I’m not a fan of grief memoirs as it turns out. Which is
ironic as I flirt so often with the idea of writing one myself.
I recently heard an interview with Cheryl Strayed. I liked
the sound of her no-nonsense Midwestern approach to life and writing so I
looked up her book ‘Wild’.
The blurb told me that in 1995 she’d walked along the west coast of America single-handedly as a way of dealing with the
grief of losing her mother and the break up of her marriage.

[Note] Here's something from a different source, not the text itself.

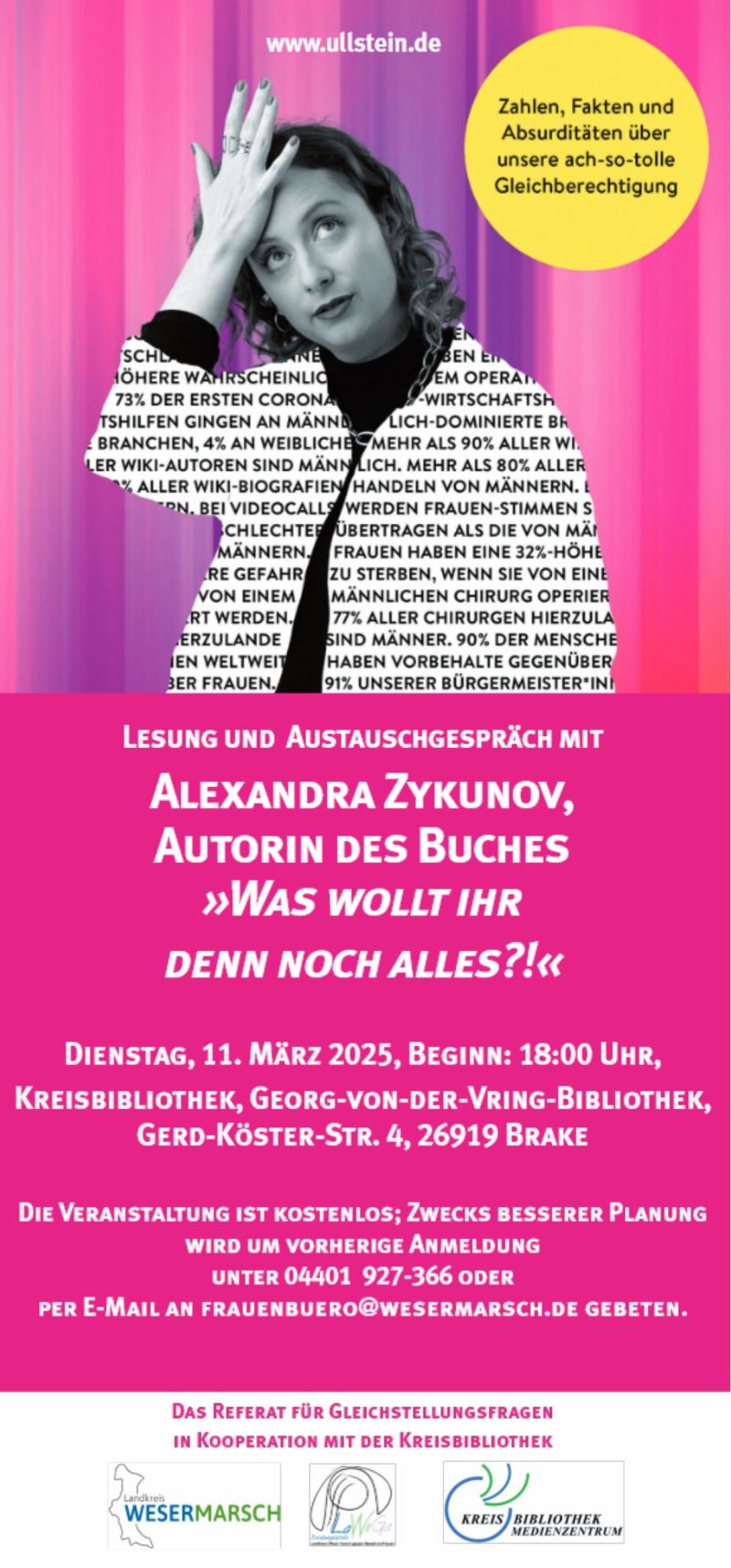 Wir bitten zwecks besserer Planung um Anmeldung an: frauenbuero@wesermarsch.de oder an uns: bibliothek-brake@wesermarsch.de

‘Urgh’ I thought, ‘of course you did’ and clicked off the
page in disgust, with no further wish to read her writing.
Uncharitable
Last month I read ‘H is for Hawk’ by Helen Macdonald. I read the book to the end but quaked with
irritation through the sections devoted to Macdonald’s experience of grief,
preferring those parts about the life of TH White or the progress of Mabel the
hawk.
I don’t know what it is about grief memoirs that makes me so
uncharitable.
When I was sixteen my best friend’s mum died. I went round
to ‘pay my respects’ as soon as I heard the news with my mum and dad. Whilst
they burbled their condolences to her dad in the other room I remember standing
in front of my friend.
“I’m so fucking sick of everyone telling me they’re sorry,”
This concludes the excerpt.